Asia operating margin improved by 260 basis points, primarily due to the
favorable impact of approximately 230 basis points related to our retail
business, largely driven by an increase in our gross margin and a decline in
SG&A expenses as a percentage of net revenues. The overall improvement in
operating margin also reflected 40 basis points attributable to lower impairment
of assets recorded during the three months ended July 2, 2022 as compared to the
prior fiscal year period, as well as approximately 30 basis points related to
our wholesale business, largely driven by a decline in SG&A expenses as a
percentage of net revenues.
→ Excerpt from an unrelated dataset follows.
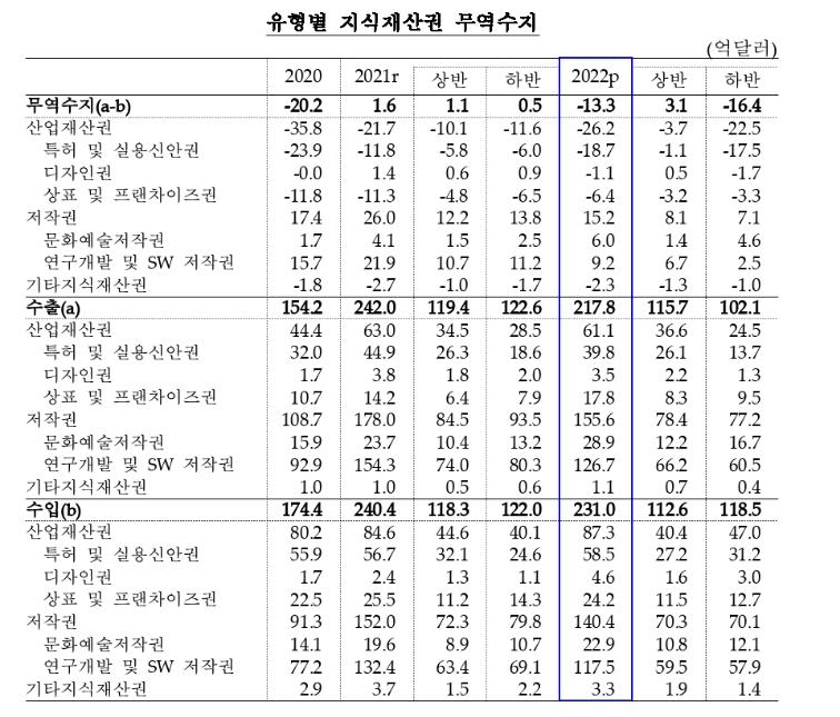 한국은행이 24일 발표한 '지적재산권 무역수지' 통계에 따르면 2022년 지식재산권 무역수지(잠정)는 13억3천만달러(약 1조7천146억원) 적자로 집계됐다.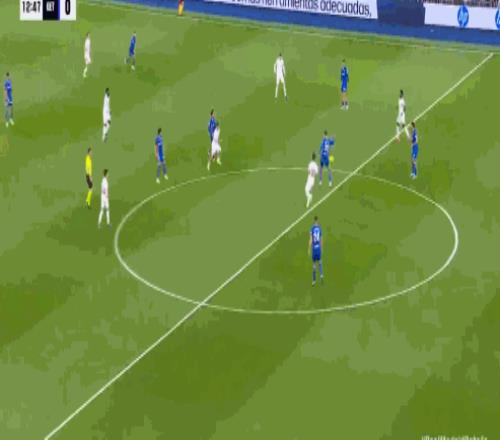 第23分鐘,皇馬左路壓上,居萊爾禁區前沿一個漂亮的馬賽回旋突破防守殺入禁區,稍作調整后近距離左腳大力兜射,索里亞再次建功,奮力將球托出底線。第38分鐘,赫塔菲前場斷球反擊,伊格萊西亞斯右側45度角得球斜吊門前,呂迪格頭球解圍沒有頂遠,楚阿梅尼禁區弧頂處和阿蘭巴里爭搶中還爭輸了,阿蘭巴里頭球一蹭,阿蘭巴里身側的薩特里亞諾迎球凌空怒射,皮球直掛球門左上死角,赫塔菲1:0打破僵局。

These improvements in operating margin were
partially offset by unfavorable foreign currency effects of approximately 40
basis points.

Unallocated corporate expenses decreased by $14.2 million to $141.1 million
during the three months ended July 2, 2022. The decline in unallocated corporate
expenses was due to lower impairment charges of $17.5 million and higher
intercompany sourcing commission income of $9.3 million (which is offset at the
segment level and eliminates in consolidation), partially offset by higher
marketing and advertising expenses of $6.7 million and higher other expenses of
$5.9 million.

Unallocated restructuring and other charges, net increased by $4.9 million to
$5.6 million during the three months ended July 2, 2022, as previously discussed
above and in Note 8 to the accompanying consolidated financial statements.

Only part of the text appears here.